Aujourd’hui, au lieu de juger s’il fallait autoriser le recours à la force publique pour les chasser … mais où ?, sur la base des éléments habituels apportés par les avocats des parties, à savoir le Grand Lyon d’un côté et les trois cent malheureux de l’autre, le juge, Gérard GAUCHER, a suspendu l’audience pour se rendre sur place et écouter ceux qui attendent avec angoisse une décision de justice.

On ne peut que prendre connaissance avec respect de ce comportement exceptionnel d’un magistrat qui veut comprendre avant de juger. Cela me rappelle cette phrase de MALRAUX qui, dans « Les conquérants » écrivit  : « Juger, c'est de toute évidence, ne pas comprendre ; si l'on comprenait, on ne pourrait plus juger.». Ce juge veut, à la fois, comprendre et juger !

Une fois de plus, comme je l’évoquais dans ce billet récent rédigé sous forme de lettre à Nadine MORANO et Henri GUAINO, il apparaît que ce sont nos magistrats qui maintiennent au plus haut niveau les valeurs fondamentales de notre République.

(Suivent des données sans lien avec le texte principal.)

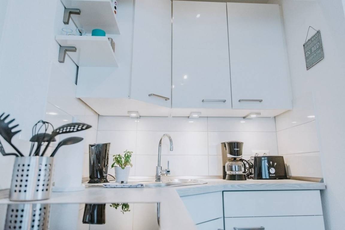 Die neue, hochwertige Küchenzeile im Wohnbereich ist mit Backofen, Geschirrspülmaschine und allen nötigen Küchenutensilien komplett ausgestattet. Um ihre Mahlzeiten einzunehmen können Sie an dem Esstisch in dem Raum Platz nehmen.
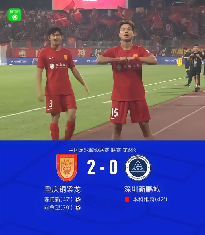 北京时间4月17日中国足球超级联赛第6轮,重庆铜梁龙主场对阵深圳新鹏城。陈纯新、向余望分别破门,本科维奇染红。最终比分重庆铜梁龙2-0深圳新鹏城。

La photo ci-dessous, publiée dans « Le Progrès », illustre d’une façon extraordinaire l’attente d’humanité qui se lit dans les regards de tous ceux qui entourent le juge. Quant à Gérard GAUCHER, qui ne voit la densité de son écoute et le sursaut de courage qu’il lui a fallu pour venir sur place au lieu de trancher, bien à l’abri au « Palais de Justice ».

Il n’y a qu’en sortant des palais, qu’ils soient de justice ou d’autre chose, que l’on peut espérer comprendre la portée de ce que l’on décide.

Sortir de soi pour rencontrer  l’autre … c’est ce que nous montre Gérard GAUCHER.